Насчитав тысячу сердечных ударов, Кира бросила это бесполезное занятие и попыталась представить, как далеко мог уехать мужчина на джипе за это время.
До конца улицы?
До конца деревни?
А может он уже подъезжает к конюшне… забирает клетку с ее попугаем…
— Спокойствие! Только спокойствие! — шепотом успокаивала себя Кира, не в силах больше покорно лежать на скрипучей кровати.
Она прислушалась к тишине дома и, чтобы лучше слышать повернула голову на бок. Снова прислушалась и приободрилась: тишина в доме не была полной, убийственно звенящей — за стеной громко тикал старенький механический будильник, потрескивали рассохшиеся половицы, дом жалобно и натужно вздыхал об ушедшей молодости.
Кира посмотрела по сторонам и попыталась освободиться — перспектива быть праздничным блюдом к столу людоеда в ковбойской шляпе ее не устраивала. Это его «пока» и масляные глазки не предвещали ей ничего хорошего.

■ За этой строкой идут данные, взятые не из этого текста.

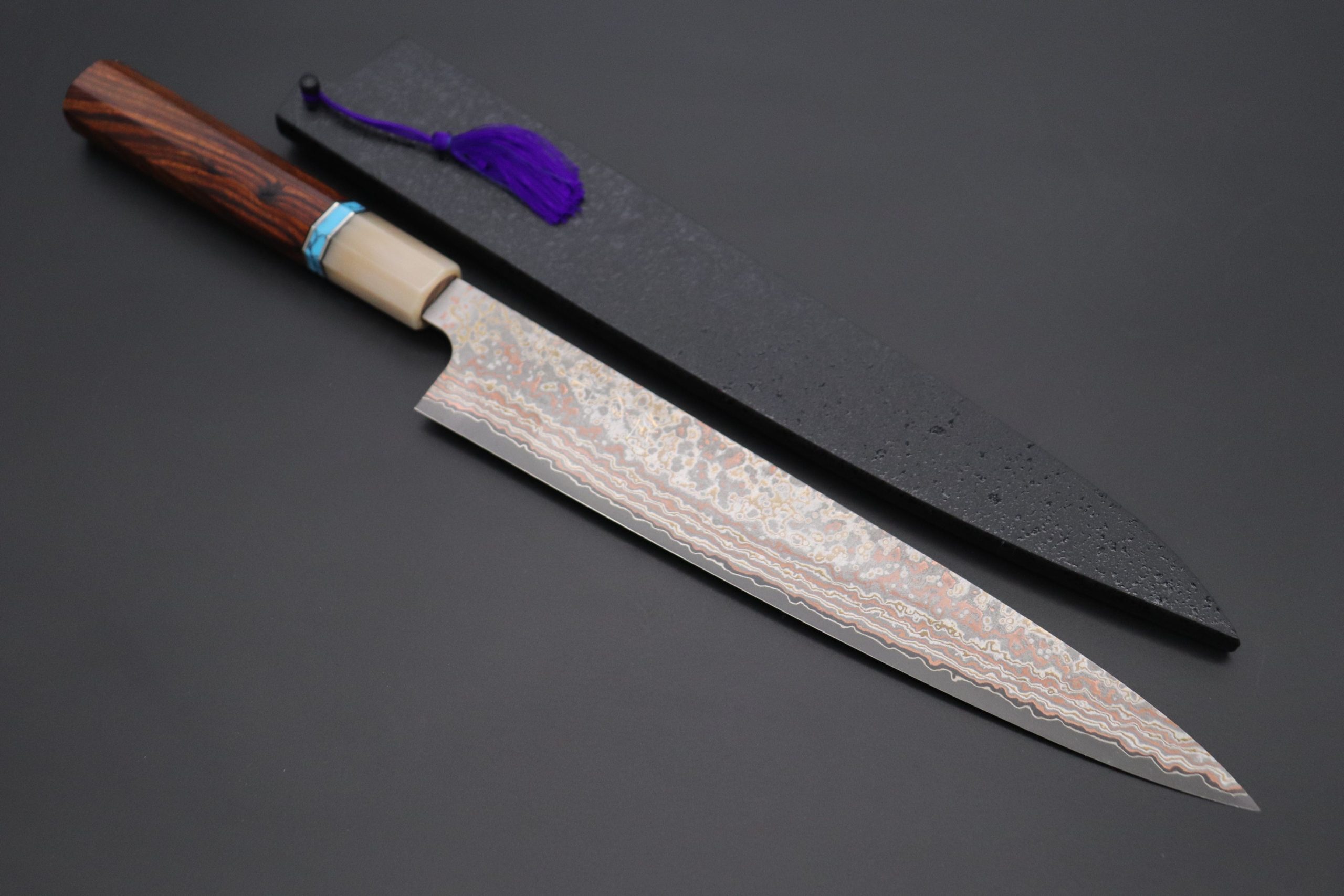 This Custom Limited Edition Takeshi Saji VG-10W Golden Rainbow Damascus Wa-Sujihiki Knife with Contemporary, Stylish Wa Handle and a matching Black Lacquered wood Saya (Sheath) with a black pakkawood Saya pin. The Innovative Octagonal Desert Ironwood Handle with White Color Water Buffalo Horn Ferrule and Composite Turquoise Gemstone Ring and Nickel Silver Spacers.

Но ни с первой, ни со второй попытки освободиться ей не удалось — руки были связаны на совесть, а вот ноги…
Все дело было в сапогах!
В высоких, кожаных сапогах с твердыми негнущимися голенищами, предназначенными для верховой езды!
Еще в юношескую бытность Кира мучилась с высоким подъемом: кожаные сапоги для верховой езды шились в расчете на мужскую ногу, и приходилось покупать сапоги на размер, а то и на два больше. Вот и сейчас Кира пошла по проторенному пути и купила сапоги большего размера, пообещав в дальнейшем заказать себе приличную пару кожаных сапог точно по ноге. Но ни лишних денег, ни времени на это у нее пока не было, и она так и ездила на лошади в хлюпающих сапогах.
Это ее сейчас и спасло!
Веревка туго охватывала кожаное негнущееся голенище, но Кирина нога все так же свободно болталась в сапоге. Она потянула ногу, максимально выгнула подъем, помогла каблуком другого сапога, и нога с трудом, но выскользнула из сапога.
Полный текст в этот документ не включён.